[Data items]
======
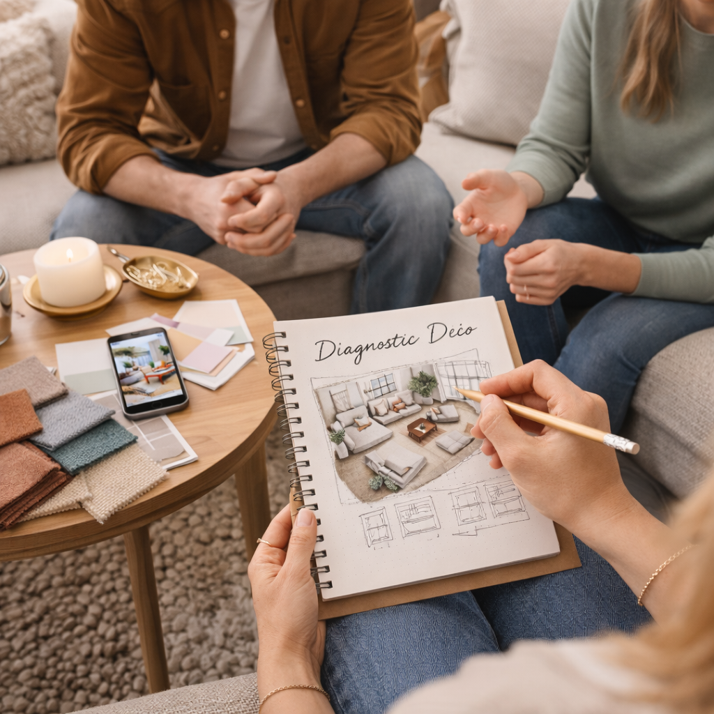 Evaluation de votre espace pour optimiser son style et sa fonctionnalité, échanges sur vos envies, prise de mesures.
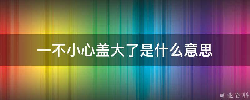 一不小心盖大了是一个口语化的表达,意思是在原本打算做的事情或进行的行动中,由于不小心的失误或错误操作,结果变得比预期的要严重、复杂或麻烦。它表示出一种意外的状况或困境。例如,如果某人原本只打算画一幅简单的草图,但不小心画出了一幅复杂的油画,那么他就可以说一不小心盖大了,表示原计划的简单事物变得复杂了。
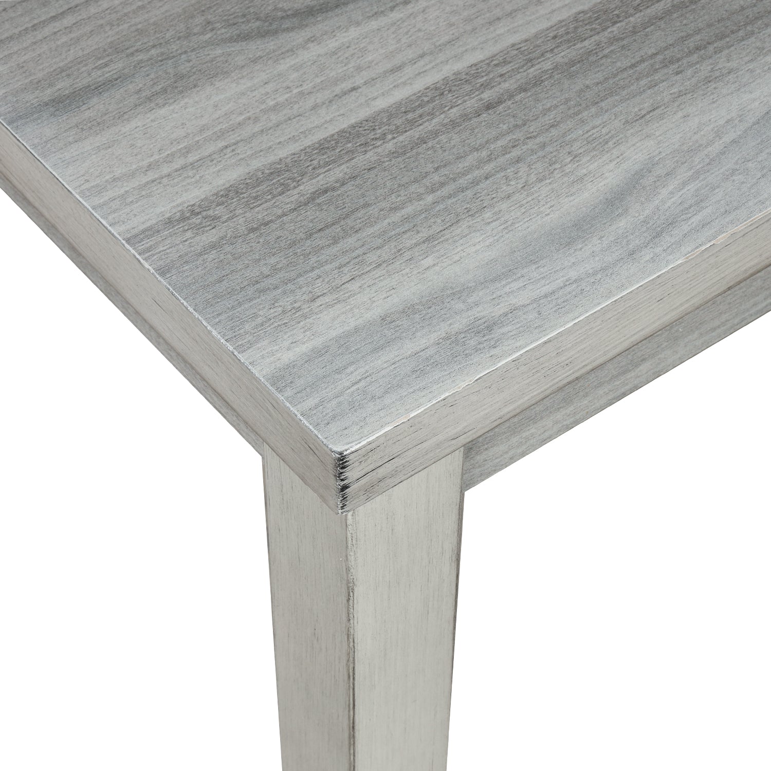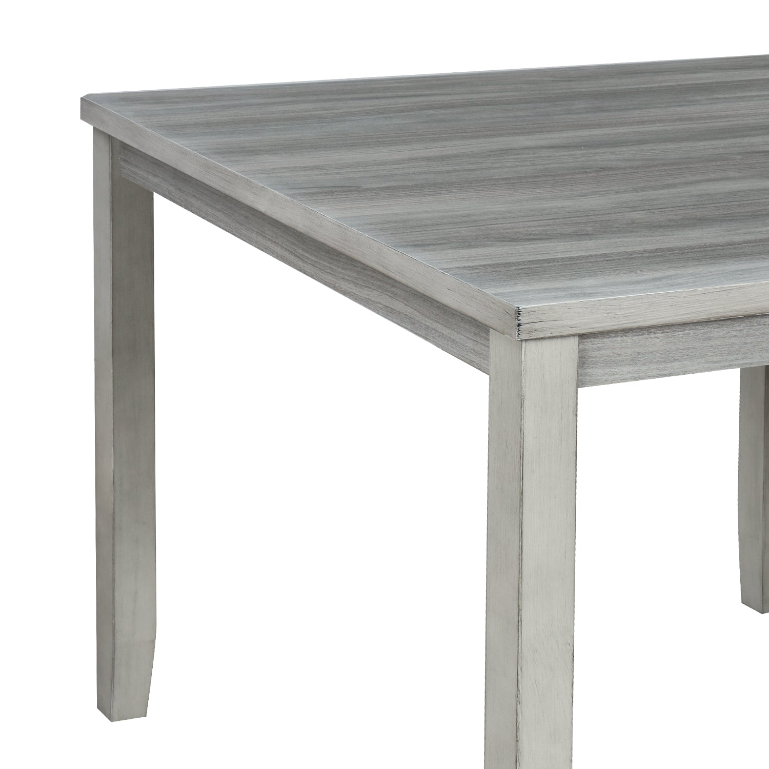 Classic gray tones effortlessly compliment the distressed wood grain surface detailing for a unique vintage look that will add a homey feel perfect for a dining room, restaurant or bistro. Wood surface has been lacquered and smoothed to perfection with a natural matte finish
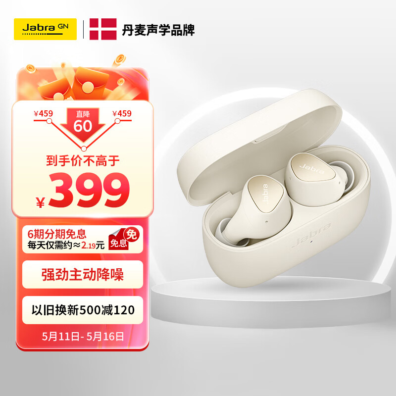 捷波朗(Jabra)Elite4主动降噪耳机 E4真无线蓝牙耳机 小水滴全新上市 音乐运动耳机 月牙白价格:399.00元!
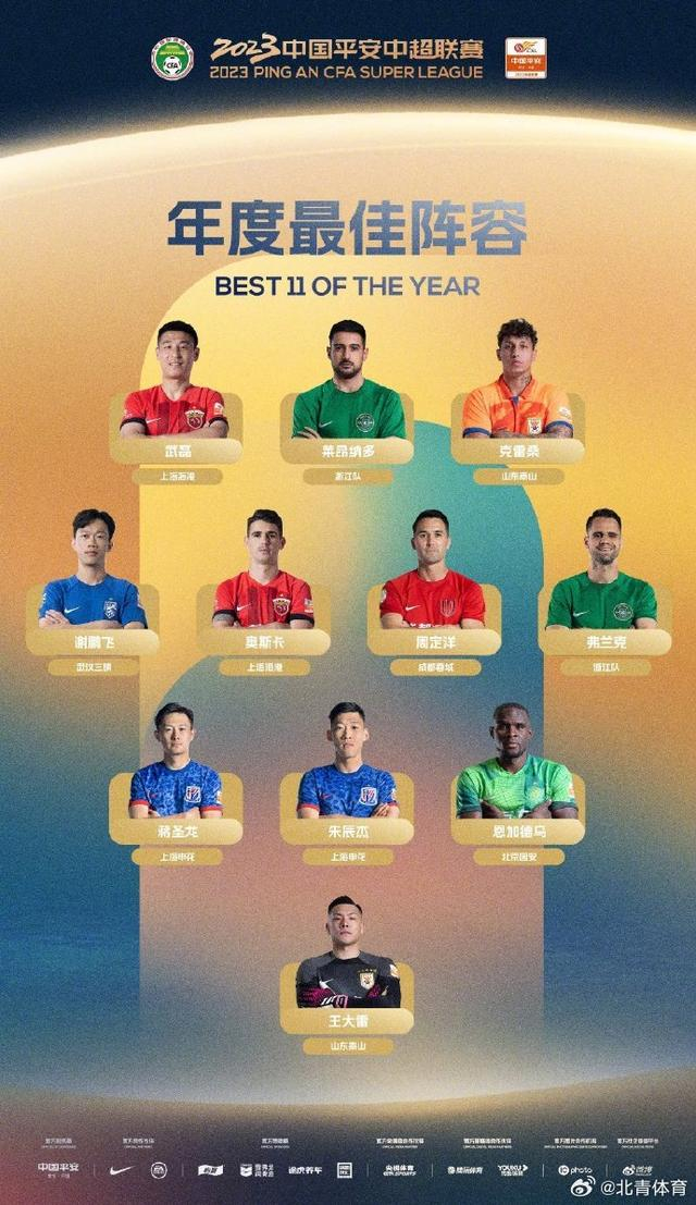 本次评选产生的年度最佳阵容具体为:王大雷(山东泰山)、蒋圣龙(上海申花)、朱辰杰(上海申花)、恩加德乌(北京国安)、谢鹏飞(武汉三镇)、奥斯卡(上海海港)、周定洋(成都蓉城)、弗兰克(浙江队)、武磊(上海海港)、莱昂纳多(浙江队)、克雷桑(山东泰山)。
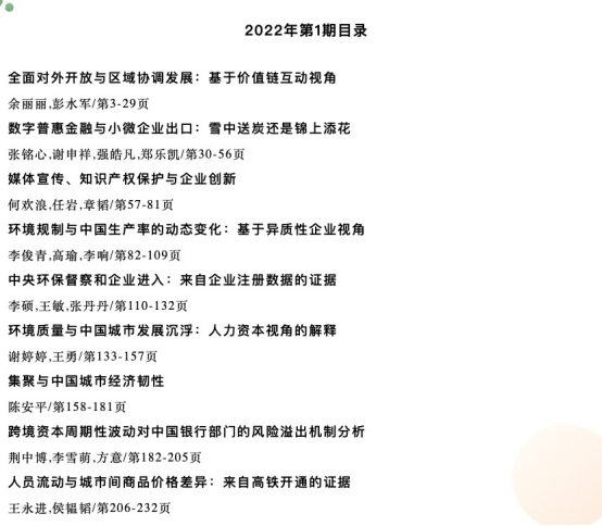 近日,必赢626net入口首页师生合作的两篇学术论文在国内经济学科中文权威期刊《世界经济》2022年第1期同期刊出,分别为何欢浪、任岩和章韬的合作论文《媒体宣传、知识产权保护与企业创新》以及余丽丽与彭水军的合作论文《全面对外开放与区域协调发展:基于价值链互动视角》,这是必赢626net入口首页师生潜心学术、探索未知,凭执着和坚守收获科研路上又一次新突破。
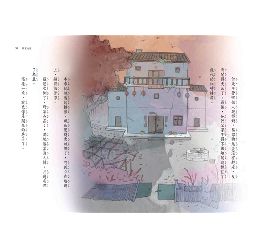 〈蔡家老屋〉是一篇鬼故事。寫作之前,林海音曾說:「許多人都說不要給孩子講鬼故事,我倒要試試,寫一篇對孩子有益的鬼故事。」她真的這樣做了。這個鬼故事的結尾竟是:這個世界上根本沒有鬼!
======
**PROBLEM STATEMENT**
Pictures excluded, output exactly the line that contains "近日,必赢626net入口首" and every line after it to the end of the data above.

**RESPONSE BELOW**
 近日,必赢626net入口首页师生合作的两篇学术论文在国内经济学科中文权威期刊《世界经济》2022年第1期同期刊出,分别为何欢浪、任岩和章韬的合作论文《媒体宣传、知识产权保护与企业创新》以及余丽丽与彭水军的合作论文《全面对外开放与区域协调发展:基于价值链互动视角》,这是必赢626net入口首页师生潜心学术、探索未知,凭执着和坚守收获科研路上又一次新突破。
 〈蔡家老屋〉是一篇鬼故事。寫作之前,林海音曾說:「許多人都說不要給孩子講鬼故事,我倒要試試,寫一篇對孩子有益的鬼故事。」她真的這樣做了。這個鬼故事的結尾竟是:這個世界上根本沒有鬼!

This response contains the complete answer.